New Observations on Training Factors:
- Batch Normalization (BN): Found that BN shifts models (e.g., VGG-16 on CIFAR-100) from a lazy to a rich regime, significantly improving generalization.
- Learning Rate: Confirmed that optimal learning rates induce richer dynamics (lower DLR) compared to suboptimal rates.
- Rich $\neq$ Good: Validated that rich dynamics can exist even with poor generalization (e.g., when labels are shuffled or features are spurious), proving that richness is a property of the dynamics, not necessarily the solution quality.

4. Experimental Results

Grokking: In a 2-layer transformer trained on modular division, DLR dropped significantly (0.51 $\to$ 0.11) at the moment of "grokking" (sudden generalization), capturing the transition to rich dynamics before accuracy fully stabilized.
Target Downscaling: When targets were scaled down (inducing laziness), DLR increased (became "lazier"), while other metrics like parameter norms remained static or behaved inconsistently.
Batch Normalization: On CIFAR-100, VGG-16 without BN had a high DLR (0.66, lazy) and poor test accuracy (21.7%). With BN, DLR dropped to 0.073 (rich) and accuracy jumped to 72.0%.
Label Shuffling: Models trained on shuffled labels still exhibited rich dynamics (low DLR), confirming that the low-rank bias is a strong inductive bias of the optimizer/architecture, independent of the data structure.

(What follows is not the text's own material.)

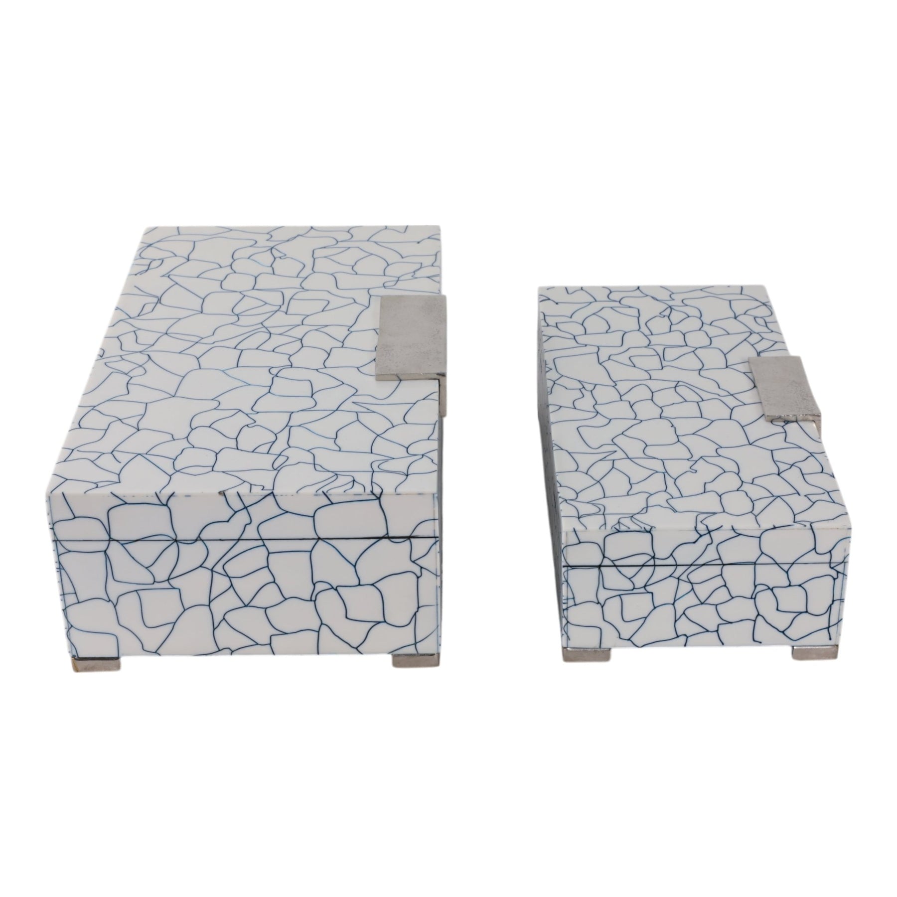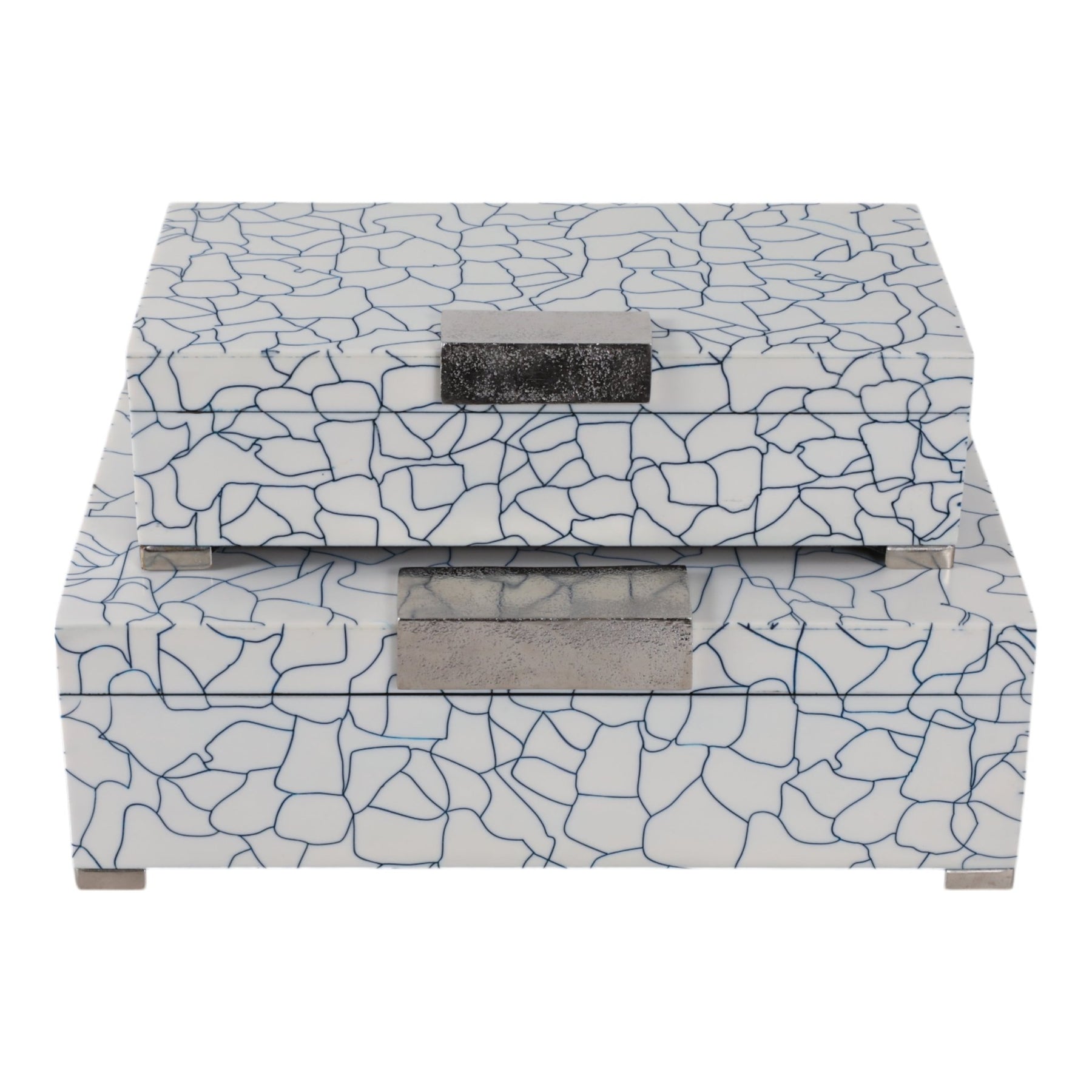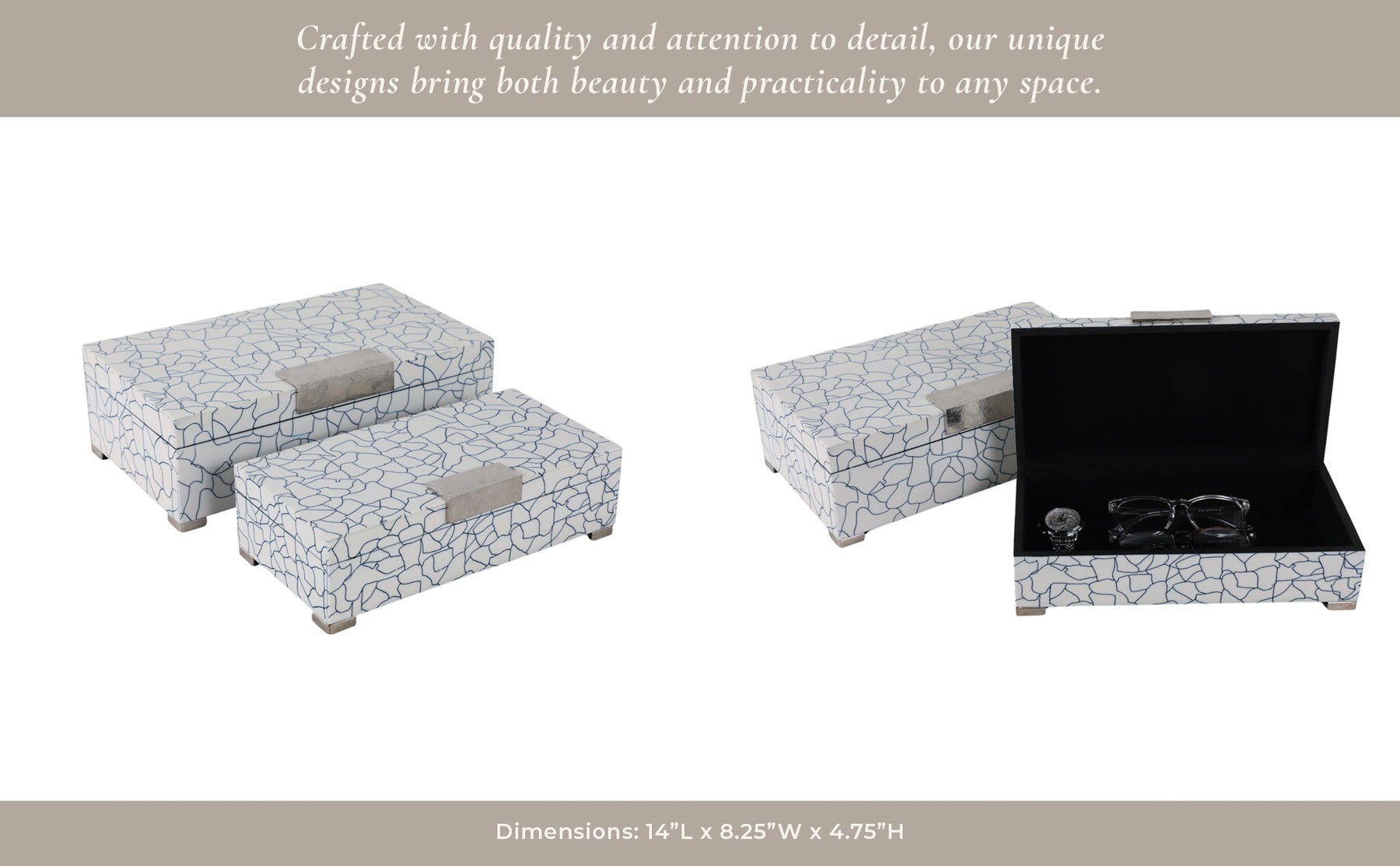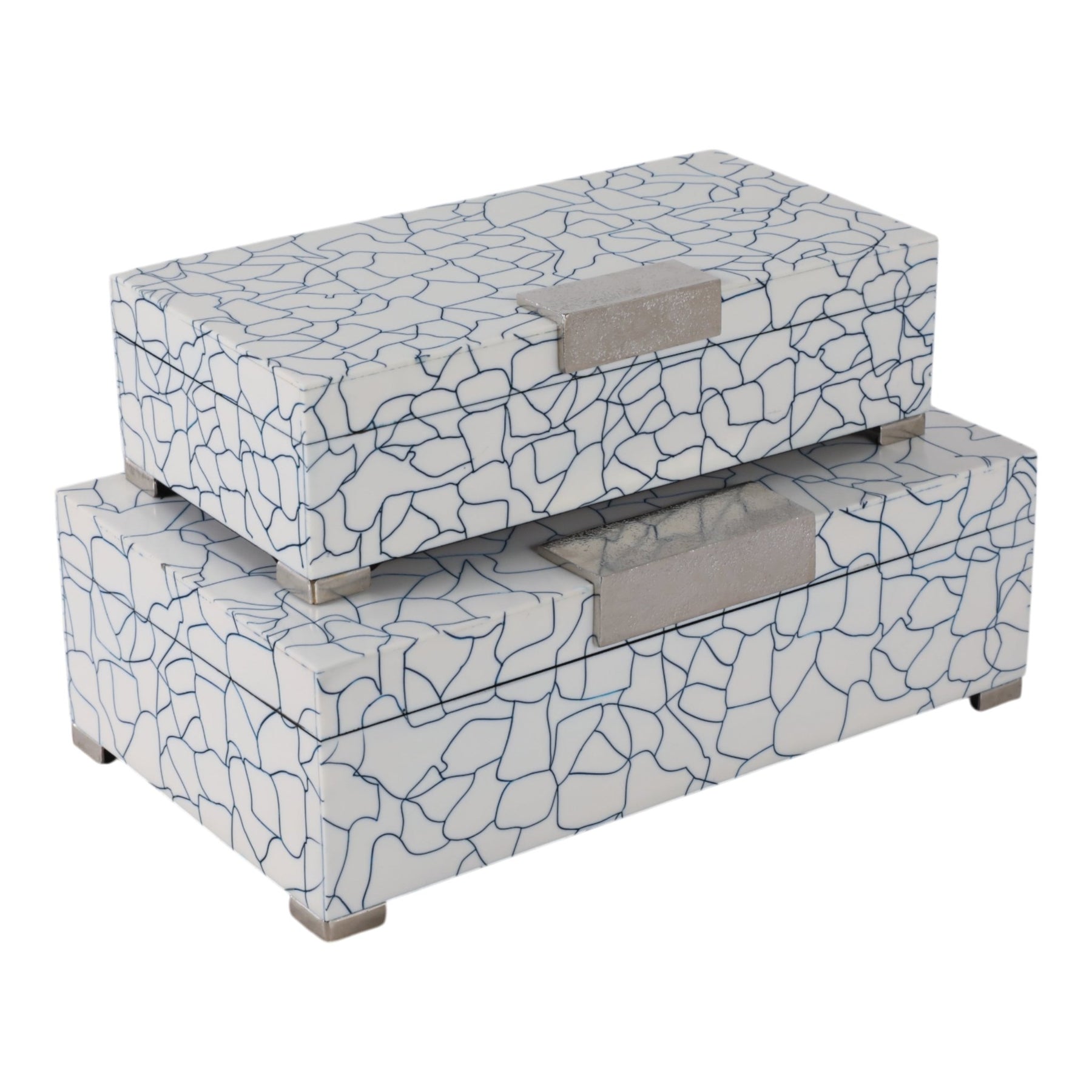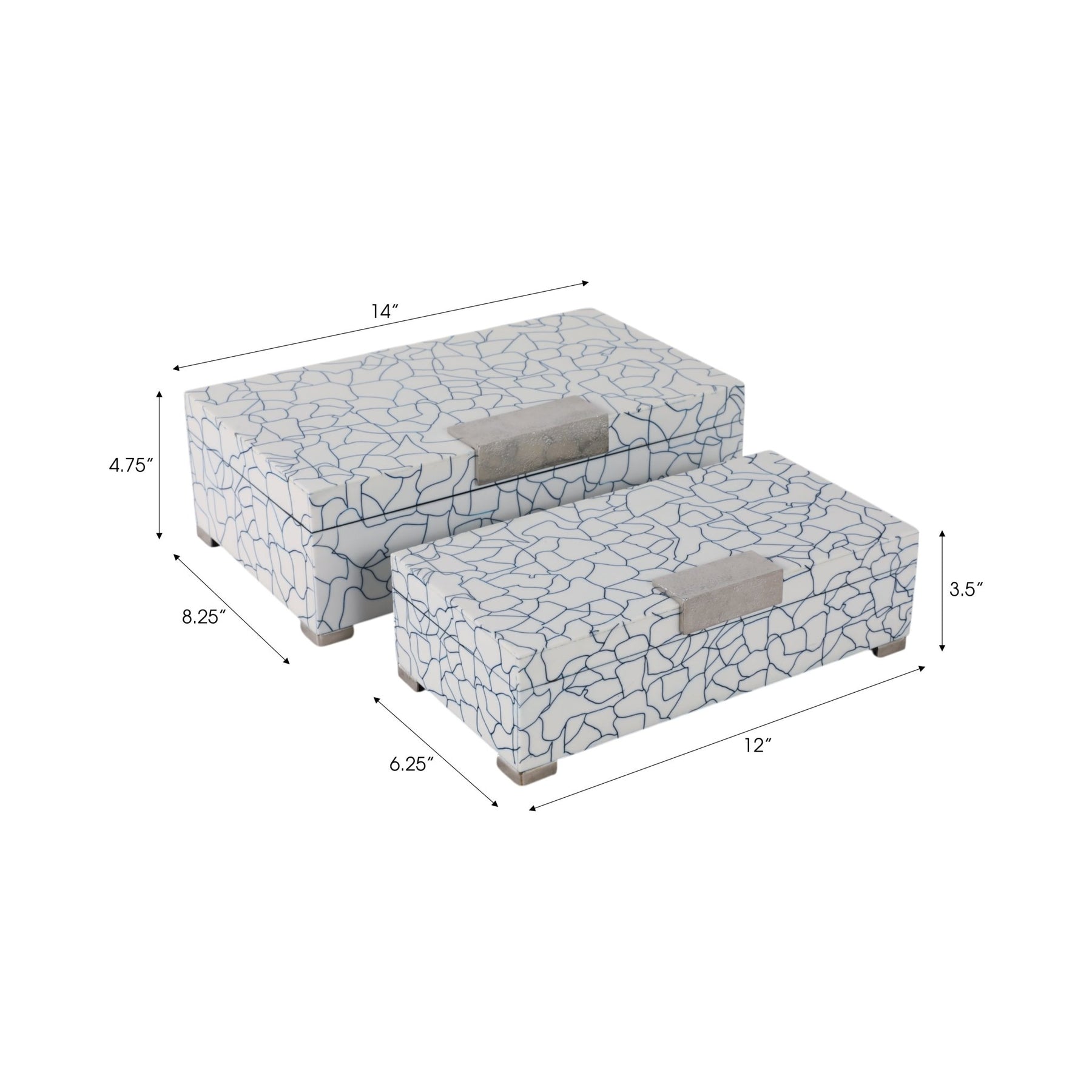 S/2 12/14" Squiggle Lines Footed Boxes, Navy/white

5. Significance and Conclusion

Diagnostic Tool: DLR provides a practical, scalable way to diagnose whether a model is learning features (rich) or just fitting a linear map on fixed features (lazy), without needing to wait for convergence or rely on test accuracy.
Theoretical Insight: It reframes Neural Collapse not just as a geometric property of class means, but as a manifestation of low-rank dynamical bias.
Decoupling: The work successfully decouples "dynamical richness" from "representation quality," showing that while they often align, they are distinct phenomena. A model can be rich but fail to generalize (if the bias is wrong), or be lazy and generalize well (if the features are already good).
Future Impact: This metric offers a foundation for theoretical studies on how training hyperparameters (learning rate, batch size, architecture) influence the dynamics of learning, potentially leading to better optimization strategies and architecture designs.

In summary, the paper provides a rigorous, efficient, and label-independent framework to measure the "richness" of neural network training dynamics, resolving ambiguities in prior literature and offering new insights into phenomena like grokking and the role of batch normalization.